The federal level (also called the Bund or Bundesebene) is the highest level in the hierarchy of the federal state model in Germany. In political science and legal science, the model is based on the idea of a federally organized political system at the state level. Although the individual federal states have their own state government, administration and jurisdiction, their powers are derived from the federal government, which is granted competence (Kompetenz-Kompetenz). Due to their lack of external independence, the German states are not (sovereignty) states in the sense of international law, but are subdivisions of the federal state endowed with independent state sovereignty and are subject to international law.

== Legislative powers ==
In Germany's system of cooperative federalism, federal laws are generally passed at the federal level by the German Bundestag, which applies to the entire federal territory. However, legislation (Gesetzgebung) is limited to areas in which legislative powers have been delegated to the federal government. In the area of exclusive legislation, the states may only legislate if permitted to do so by the federal government (fundamental omnipotence) of the state as a whole. In the area of concurrent legislation, the states may act to the extent that the federal government has not done so. In the hierarchy of norms, the norms passed at the federal level in the aforementioned areas rank above those of state law (Article 31 of the Basic Law); however, fundamental rights granted by state constitutions beyond those of the Basic Law are excluded from this. In the case of legislative powers that fall within the competence of the federal government, the states participate in federal legislation via the German Bundesrat.

== Administration ==
At the federal level, the federal government is at the apex of the administration. The highest federal authorities, in addition to the ministries, are the Office of the Federal President, the Federal Court of Auditors, and several other institutions. The administration of the Bundestag and the Bundesrat are the highest federal authorities insofar as they perform official functions. The federal administration often has only a single-tiered substructure. As a rule, higher federal authorities are established directly, which are responsible for the entire federal territory. Intermediate and lower federal authorities may only be established in cases where this is provided for by law.

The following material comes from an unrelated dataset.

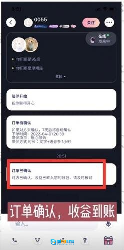 5、点击【完成陪伴】后,只需等待对方确认订单,就能获取相应收益。
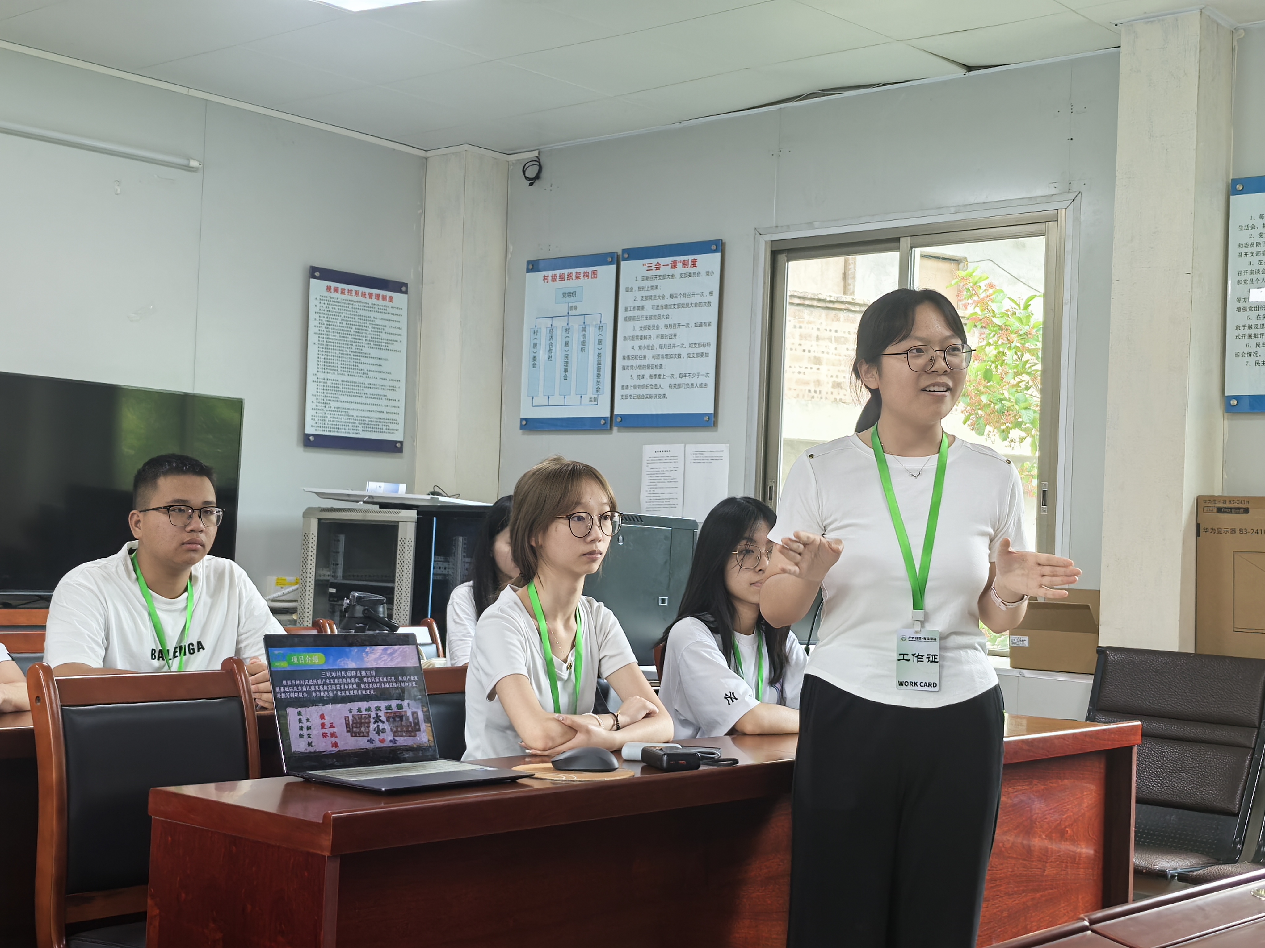 次日,团队探望了由税收学第二学生党支部组建的“绿织青梦”实践团。该团队正围绕“绿美乡村”建设在桂头镇各村开展调研,陈哲代表学院向成员们致以关怀,并嘱咐队伍需要认真撰写有意义的调研报告,不负此行。我校“双百行动”驻乳源服务队队长毕建永建议团队聚焦“经济价值与景观价值协同”深化调研,让广外青年智慧赋能乡村振兴。

Permissible areas in which intermediate and subordinate authorities have been established are the Foreign Service, the Federal Finance Administration, the Federal Waterways Administration, the Federal Shipping Administration, the Federal Police and the Federal Office for the Protection of the Constitution (Article 87 of the Basic Law), the Defence Administration (Article 87b of the Basic Law), and the Air Transport Administration (Article 87d of the Basic Law). However, there are no intermediate and subordinate authorities in the latter area. Many federal administrative tasks are also performed by public law institutions and corporations.

The mixing of federal and state authorities is not permitted. The Federal Administrative Court, for example, deemed the practice of operating the Maritime Offices by the states and the Federal Maritime Office by the federal government to be inadmissible, since appeals against administrative acts of the states were decided by a federal authority. As a result, the Maritime Offices had to be established as separate institutions by the federal government in October 1986. A similar situation involving the establishment of the so-called "Job Centers" was rejected by the Federal Constitutional Court as unconstitutional due to the insufficient definition of subject-matter jurisdiction.

As of 30 June 2019, the Federal Government employs 185,170 civil servants and judges, as well as 170,575 professional and temporary soldiers. In addition, the Federal Government is the employer of 146,160 public sector employees (collective bargaining employees) who have private-law employment contracts.

== Jurisdiction ==

The federal government has, among other things, five supreme federal courts, which are at the apex of their respective specialized jurisdictions, as defined by Article 95, Paragraph 1 of the Basic Law. These are the Federal Court of Justice in Karlsruhe, which is responsible for criminal and civil matters; the Federal Administrative Court in Leipzig; the Federal Fiscal Court in Munich, which is responsible for tax and customs matters; the Federal Labour Court in Erfurt; and the Federal Social Court in Kassel, which is responsible for social jurisdiction (Sozialgerichtsbarkeit). The Federal Patent Court in Munich occupies a special position as a court specializing in intellectual property law, with the rank of a Higher Regional Court and with nationwide territorial jurisdiction.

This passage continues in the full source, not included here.